A collective
I have spent my last three months trying to declutter.
I have changed the way I live at least two dozen times.
Right from the houses I live at, to my work profiles to my collection of books, my games, my documents even my bank accounts, and stock collection.
I have noticed that most of the changes in my personal assets make a rare dent in the lives of people around me.
I consider this to be a lucky effect of being free.
The hardest part of the process was as opposed to my imagination: everything soft aka online.
I moved content to, and from my laptop, phone, and two 1TB SSD drives.
Also, Archinect, Behance, Eyeem, Facebook, Flickr, Freelancer, Instagram, LinkedIn, Medium, Snapchat, Tumblr, Twitter, Vimeo, Vine, and VSCO.
The idea that I began with was to read/see/listen/learn, and delete.
Stuff.
The idea was to not hoard anything.
Soon keeping things in check became harder, especially with the ever increasing hustle of the 8 odd email addresses I need to manage.
As a result, I lost my girlfriend, and a lot of common friends.
I am on a month long break at least that’s what this is.
I have been up nights in a row, trying to keep up with the progress at work from the interns to the architects who work with me.
Until one of them had to see a neurologist for reasons undisclosed.
It is freakish what the team had been going through.

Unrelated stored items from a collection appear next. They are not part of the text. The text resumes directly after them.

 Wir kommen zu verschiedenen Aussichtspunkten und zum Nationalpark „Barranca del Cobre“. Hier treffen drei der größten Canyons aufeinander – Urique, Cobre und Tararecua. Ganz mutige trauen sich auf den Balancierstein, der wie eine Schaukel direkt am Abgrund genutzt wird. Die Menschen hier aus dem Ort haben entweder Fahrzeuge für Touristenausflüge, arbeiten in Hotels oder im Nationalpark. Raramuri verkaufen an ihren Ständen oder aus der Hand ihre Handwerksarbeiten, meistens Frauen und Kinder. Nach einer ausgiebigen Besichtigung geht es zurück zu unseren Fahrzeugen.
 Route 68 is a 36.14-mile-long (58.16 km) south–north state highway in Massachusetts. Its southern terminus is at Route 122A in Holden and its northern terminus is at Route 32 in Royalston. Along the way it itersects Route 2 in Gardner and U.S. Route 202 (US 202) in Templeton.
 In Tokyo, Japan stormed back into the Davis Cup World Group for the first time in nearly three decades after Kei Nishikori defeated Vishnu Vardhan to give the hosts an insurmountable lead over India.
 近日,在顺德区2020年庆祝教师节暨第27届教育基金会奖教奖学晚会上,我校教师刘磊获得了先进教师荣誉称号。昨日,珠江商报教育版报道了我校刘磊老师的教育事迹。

What I found was keeping me insane was this thing I started the decluttering.
A colleague once told me how her native language lacks gender differentiation It hit me.
The thing with doing away with most of what you own tangible, and intangible is just a part of the solution.

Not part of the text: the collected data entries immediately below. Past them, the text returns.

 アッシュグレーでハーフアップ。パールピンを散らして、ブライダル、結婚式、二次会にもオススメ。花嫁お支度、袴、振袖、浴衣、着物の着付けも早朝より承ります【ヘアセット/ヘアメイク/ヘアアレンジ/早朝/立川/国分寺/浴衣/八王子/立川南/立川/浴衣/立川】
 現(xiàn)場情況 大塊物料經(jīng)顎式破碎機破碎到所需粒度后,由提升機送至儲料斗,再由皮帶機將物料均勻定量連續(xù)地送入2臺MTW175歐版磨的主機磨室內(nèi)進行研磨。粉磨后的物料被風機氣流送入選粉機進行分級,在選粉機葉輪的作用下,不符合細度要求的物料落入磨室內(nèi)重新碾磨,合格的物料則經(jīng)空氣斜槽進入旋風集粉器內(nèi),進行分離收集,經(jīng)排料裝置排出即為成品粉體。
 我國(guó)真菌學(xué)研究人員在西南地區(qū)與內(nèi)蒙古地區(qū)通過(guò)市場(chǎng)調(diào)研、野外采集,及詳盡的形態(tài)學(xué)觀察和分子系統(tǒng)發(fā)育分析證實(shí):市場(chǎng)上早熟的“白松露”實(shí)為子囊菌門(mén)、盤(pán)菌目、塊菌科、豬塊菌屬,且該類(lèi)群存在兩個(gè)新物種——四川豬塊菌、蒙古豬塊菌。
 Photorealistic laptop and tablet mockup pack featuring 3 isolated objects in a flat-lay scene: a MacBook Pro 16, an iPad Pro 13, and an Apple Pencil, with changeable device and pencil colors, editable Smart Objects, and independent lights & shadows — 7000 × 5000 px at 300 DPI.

What most of us had been missing out on was our belief in segregation.
the kind of organization achieved by sorting systems into criteria.

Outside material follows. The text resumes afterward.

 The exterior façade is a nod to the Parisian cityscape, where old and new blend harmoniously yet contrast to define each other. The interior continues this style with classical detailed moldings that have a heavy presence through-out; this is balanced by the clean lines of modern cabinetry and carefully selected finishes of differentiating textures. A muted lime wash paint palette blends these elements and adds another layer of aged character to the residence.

The first thing I did was to make a page.
Filled in on everything I could in the social media section.
Sometimes being open about the blunders that can cost you heavy does you good.
My social media lady felt this was pathetic.
She believes that apps come with a predefined purpose for example, she says Tinder is for sex.
I disagree.
Tinder is to meet people.
What you do there after is not of Tinder’s concerns.
If a society is branding it as a hookup app, then there is something that should concern you about the said society.
The second thing I did was to dump everything on those 1TB SSD drives.
I was sorting files according to extensions, not projects, not clients, not dates.
After all, what’s that search tool made for! This did free up one SDD That’s progress.
The next thing I did was to dump everything on an inventory account on slack.
I feel sorry that GitHub has that 25MB upload limit.
This has now made all my work cloud based; for free, and for an infinite time.
Now since everything is on the cloud, I can live appliance free.
I travel with just 1 book in my bag.
As far as decluttering goes I have to deal with only one thing the page.
Since I have made a collective out of my everything, every kind of separation has ceased to exist.
Life is simpler maybe something the Americans can learn from.